Proprio nel nome delle api e di questa loro straordinaria capacità ‘architettonica’, sono stati realizzati da Green Island/Alveari Urbani, a cura della direttrice Claudia Zanfi, due progetti unici nel loro genere e presentati per la prima volta in Italia. Il primo è un teatro/osservatorio paesaggistico, completamente realizzato in materiali naturali, con gradoni in paglia, che consente di assistere a performance, spettacoli, teatrali, musica, comodamente seduti in mezzo alla natura, circondati da alberi, cespugli e….arnie d’artista.

L’installazione, che sarà visibile fino a metà Novembre, è stata realizzata nel nuovo Giardino Condiviso San Faustino, Zona Ortica Milano: oltre 20.000 mq di una area verde abbandonata, recuperata dal Municipio 3 di Milano, e affidata ad associazioni che si occupano di paesaggio e socialità. Il progetto del teatro è stato realizzato dagli studenti del master internazionale del Politecnico, guidati dal noto professore Richard Ingersoll, autore di ricerche sul tema dell’agri-architettura. A fare da cornice al bellissimo teatro, una serie di arnie d’artista, che hanno trovato spazio di fianco a un prato di rosmarini e salvie, il tutto allestito dal gruppo Atelier del Paesaggio per la salvaguardia delle api e degli impollinatori.

 

Il secondo progetto speciale è l’installazione del primo alveare urbano all’interno di un parco storico, nel Giardino di Villa Litta Lainate, di fianco al meraviglioso ninfeo ‘600esco e al viale di carpini più lungo  d’Italia.

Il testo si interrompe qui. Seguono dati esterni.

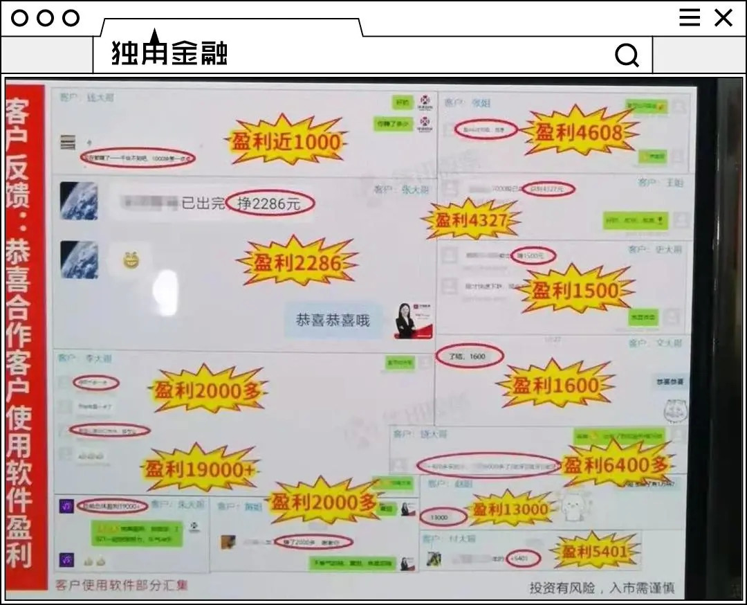 付费前,公司“名师”会在荐股群中推送集合竞价的高开股票或是近期连续涨停的股票,并且“报喜不报忧”,对上涨的股票大力吹捧,对下跌的股票绝口不谈,给入群股民造成“推荐的股票都暴涨”的假象。

Il progetto, unico e lungimirante, fortemente voluto dall’amministrazione Comunale di Lainate e dalla direttrice del parco Paola Ferrario,  consente non solo laboratori didattici per bambini e famiglie, bensì la diffusione della biodiversità e delle fioriture all’interno del parco, grazie all’utile lavoro fornito dagli impollinatori. Non solo miele, quindi, bensì salvaguardia della natura e della vita!

1_Per visitare il primo TEATRO /OSSERVATORIO PAESAGGISTICO DI PAGLIA:

Giardino di San Faustino, via San Faustino 23, Zona Ortica Milano: aperto tutti i giorni ore 10-18 (per orario autunnale visitare il sito: www.giardinosanfaustino.com.

DOMENICA 28 OTTOBRE ore 15.00: Festa della Semina, con eventi e performance dedicate a questa tradizione. Momento speciale sarà la ‘Danza della semina’, movimento e consapevolezza corporea nella natura, a cura dell’associazione Danzaterapia.

2_Per visitare l’APIARIO D’ARTISTA a VILLA LITTA LAINATE, Largo Vittorio Veneto 12, Lainate (MI): aperto Sabato e Domenica ore 15.00/18.00 (per orario autunnale http://villalittalainate.it).

DOMENICA 21 OTTOBRE ore 15.00 laboratorio per famiglie sul meraviglioso mondo delle api e degli insetti impollinatori, percorso botanico e assaggio del miele di bosco. Sarà inoltre presentato il primo corso di apicoltura urbana per i giovani, promosso dal Comune di Lainate.

In collaborazione con Politecnico di Milano, TerraViva, Earth Service

https://atelierdelpaesaggio.wordpress.com/

http://www.amaze.it/AMAZE/it/it/news

 

Green Island è giunto alla sua 18a edizione! (www.amaze.it). Il programma nasce per promuovere una ricerca culturale sui paesaggi urbani contemporanei e le ecologie sociali, in una forma di dialogo tra società e territorio. GREEN ISLAND interpreta l’esigenza di valorizzare e ripensare nuove aree della città, per riflettere sul tema urgente dello spazio collettivo e del verde pubblico. Il suo intento è permettere ai cittadini di ritrovare un’armonia tra tessuto urbano e paesaggio. Il progetto supporta la riqualificazione territoriale con miglioramenti locali, in grado di conferire ai quartieri una progettualità di respiro internazionale. Green Island ha attivato una rete di oltre 100 realtà pubbliche e private; al progetto hanno aderito prestigiosi autori tra cui Andrea Branzi, Tom Matton, Lois Weinberger, i giovani Medusa Group. Tra le varie attività di GREEN ISLAND importanti libri monografici: sulle erbe spontanee (Flora Urbana); sui giardini d’artista (The Mobile Garden); sui nuovi paesaggi urbani (I giardini di Piet Oudolf).GREEN ISLAND ha vinto vari premi internazionali, tra cui EXPO in CITTA’ 2015.